Well I'm no expert. I was hoping he would respond.
Last I knew he was doing some algae fighting (those lights are high light after all)

I'd have to go through my responses to see what was actually built.. though it is not hard to figure from the video..

As to satisfaction.. he hasn't been cussing at me.. 

Give me a bit and I'll see if I can find the final layout..


----------



## ficco (Apr 22, 2014)

ok thanks jeff for the reply and layout... i have sended it to seller.... anyways, how controller work??? the controller has 2 channel and its full programmable.... i think i cant set a moon light for that 6500k leds on channel 2....right?

how can i set this 2 channels layout for sunset etc etc???? i mean whats the % of light for channel 1 and 2 and the timers for a good simulation of the day??? take care that my very important first priority is a good light from plants


----------



## jeffkrol (Jun 5, 2013)

ficco said:


> ok thanks jeff for the reply and layout... i have sended it to seller.... anyways, how controller work??? the controller has 2 channel and its full programmable.... i think i cant set a moon light for that 6500k leds on channel 2....right?
> 
> how can i set this 2 channels layout for sunset etc etc???? i mean whats the % of light for channel 1 and 2 and the timers for a good simulation of the day??? take care that my very important first priority is a good light from plants


Not too familiar w/ the whole nuts and bolts of the controller but what I do know is it only steps in 10% increments.. o..10%.. 20% ect...
And you have 2 channels.. a red/white and a blue/white channel..

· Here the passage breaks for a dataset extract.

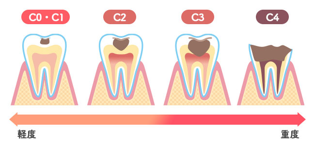 C0、C1は初期段階の虫歯であり、痛みなどの自覚症状がない場合が多いのですが、C2になると、象牙質まで虫歯の侵食が進んでいる状態ですので、痛みを感じる可能性が高いです。
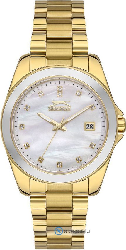 Model SL.09.2142.3.05 marki Slazenger to gustowny zegarek naręczny damski, który jest wyposażony w ciekawe rozwiązania i funkcje. Ciekawy wygląd zegarka osiągnięto także dzięki tarczy w kolorze srebrnym. Aktualna godzina prezentowana jest w sposób analogowy co bez trudu pozwala ją odczytać. Koperta jest w kolorze złotym szeroka jest na 36 mm - w kształcie okrągłym.

Unfortunately, from my perspective, this isn't exactly good enough for "true" sunrise sunset effects but better than nothing.. Just stagger the 2 channels starting ch1 first then channel 2 say after ch1 reaches 20% then go ch 2 at 10% then step up from there.. 
Hopefully they will improve their programming eventually.. As to moon/season phases.. no clue how that works..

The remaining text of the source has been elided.